_Activity_
Search the entries for the word "jīng". Copy each line in which it is found.

_Data supplied_
::::::

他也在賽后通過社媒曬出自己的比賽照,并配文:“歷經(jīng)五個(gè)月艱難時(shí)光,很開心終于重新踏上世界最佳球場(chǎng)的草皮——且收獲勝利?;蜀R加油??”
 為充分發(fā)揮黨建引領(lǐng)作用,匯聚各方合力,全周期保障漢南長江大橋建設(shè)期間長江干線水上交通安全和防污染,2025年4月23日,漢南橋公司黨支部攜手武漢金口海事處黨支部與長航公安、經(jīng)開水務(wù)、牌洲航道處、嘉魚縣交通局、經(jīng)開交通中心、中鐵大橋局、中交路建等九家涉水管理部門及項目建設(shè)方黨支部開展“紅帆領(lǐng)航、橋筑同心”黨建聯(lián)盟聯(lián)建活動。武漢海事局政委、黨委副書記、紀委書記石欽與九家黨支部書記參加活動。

::::::

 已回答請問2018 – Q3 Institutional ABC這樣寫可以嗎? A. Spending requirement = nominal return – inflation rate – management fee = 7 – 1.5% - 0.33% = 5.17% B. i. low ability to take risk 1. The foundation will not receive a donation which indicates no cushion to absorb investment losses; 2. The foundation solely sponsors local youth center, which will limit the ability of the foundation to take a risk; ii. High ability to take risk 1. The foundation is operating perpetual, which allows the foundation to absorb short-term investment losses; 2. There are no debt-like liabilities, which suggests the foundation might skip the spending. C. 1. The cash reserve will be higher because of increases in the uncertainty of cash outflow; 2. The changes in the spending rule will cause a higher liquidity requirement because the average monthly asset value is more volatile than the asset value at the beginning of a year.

::::::

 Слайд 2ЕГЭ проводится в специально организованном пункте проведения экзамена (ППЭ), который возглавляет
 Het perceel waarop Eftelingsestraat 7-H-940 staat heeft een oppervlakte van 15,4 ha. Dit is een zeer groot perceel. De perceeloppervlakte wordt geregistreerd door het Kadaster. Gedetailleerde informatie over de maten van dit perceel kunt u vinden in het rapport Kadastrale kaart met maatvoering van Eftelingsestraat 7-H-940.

::::::

_Task response_
他也在賽后通過社媒曬出自己的比賽照,并配文:“歷經(jīng)五個(gè)月艱難時(shí)光,很開心終于重新踏上世界最佳球場(chǎng)的草皮——且收獲勝利?;蜀R加油??”
 為充分發(fā)揮黨建引領(lǐng)作用,匯聚各方合力,全周期保障漢南長江大橋建設(shè)期間長江干線水上交通安全和防污染,2025年4月23日,漢南橋公司黨支部攜手武漢金口海事處黨支部與長航公安、經(jīng)開水務(wù)、牌洲航道處、嘉魚縣交通局、經(jīng)開交通中心、中鐵大橋局、中交路建等九家涉水管理部門及項目建設(shè)方黨支部開展“紅帆領(lǐng)航、橋筑同心”黨建聯(lián)盟聯(lián)建活動。武漢海事局政委、黨委副書記、紀委書記石欽與九家黨支部書記參加活動。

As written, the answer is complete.